Свист, хохот, хлопанье бичей, выкрики торговцев напитками, ужасный хоровод.

Золото пришельцев из Эльдорадо целый день льется брызгами перед глазами; ветер качает ковры, развешанные на балконах и столбах окружающих улиц; розы и рубины, сапфиры и пальмовые ветви, бриллианты и лилии, все блистает как сноп искр. Иногда сдавленная толпа бросается к перилам, готовая растоптать меня; проклятья и крики страха несутся из многих глоток сразу.

Так до вечера; вечером — дымные факелы, разноцветные фонарики, маленькие плошки… Велико терпение Твое. А я хочу быть подобным Тебе, и сомкнув уста, ни одним движением и ни одним гласом я не нарушил сатанинской свадьбы.

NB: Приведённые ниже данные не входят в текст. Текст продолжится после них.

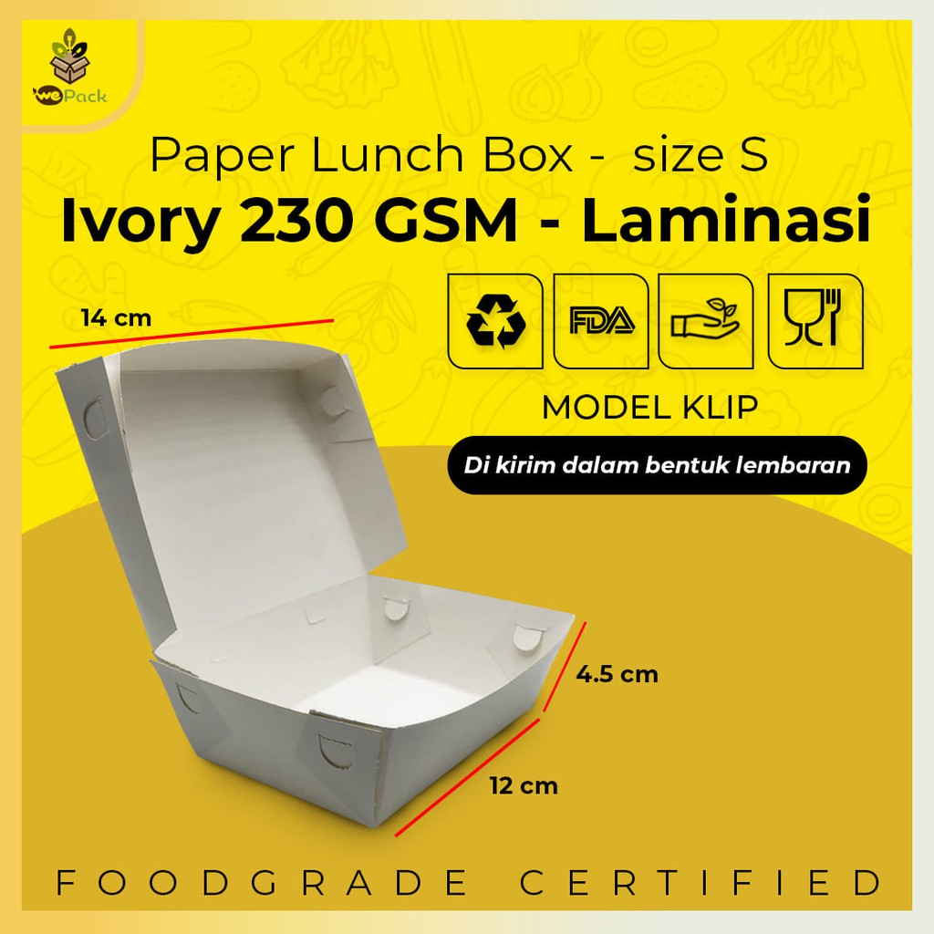 Cocok untuk tempat bekal makan siang anak. Namun untuk custom kami kenakan minimum order 1000 pcs untuk box dan 4000 pcs untuk model kantong kertas. Dibandingkan menggunakan kotak makan kertas, styrofoam, dus, mika, plastik bening, atau kotak makan plastik 500 ml sekali pakai, disarankan untuk menggunakan kotak makan yang bisa dipakai berulang kali. Bungkus makanan anda dengan kotak makan berkualitas dan menarik. Kotak kemasan makanandapat dilestarikan dan disajikan secara efisien saat kemasan anda dilakukan di wadah yang tahan lama.

…Трубный звук начинает звучать издали и приближается и растет, становится все громче и заглушает все. Торжествующе несется голос трубы. Изсинекрасные огнедышащие кони влекут колесницу. На колеснице стоит нагая женщина. Под венцом, который держит летящий амур, ее голова запрокинута кверху. Ее взор не знает смущения. Толпа в ужасе расступается перед безумными лошадьми. Люди бегут за колесницей, давя друг друга, колесница несется вперед, давя людей…

…Поздней ночью разошлись последние тени людей, и я снова остался в моем одиночестве, одинокий в целом мире. Ночью сверкали до утра зарницы над морем; каждый взблеск коротким сиянием освещал ночной омут, а море вдали молчало, громадное и темное.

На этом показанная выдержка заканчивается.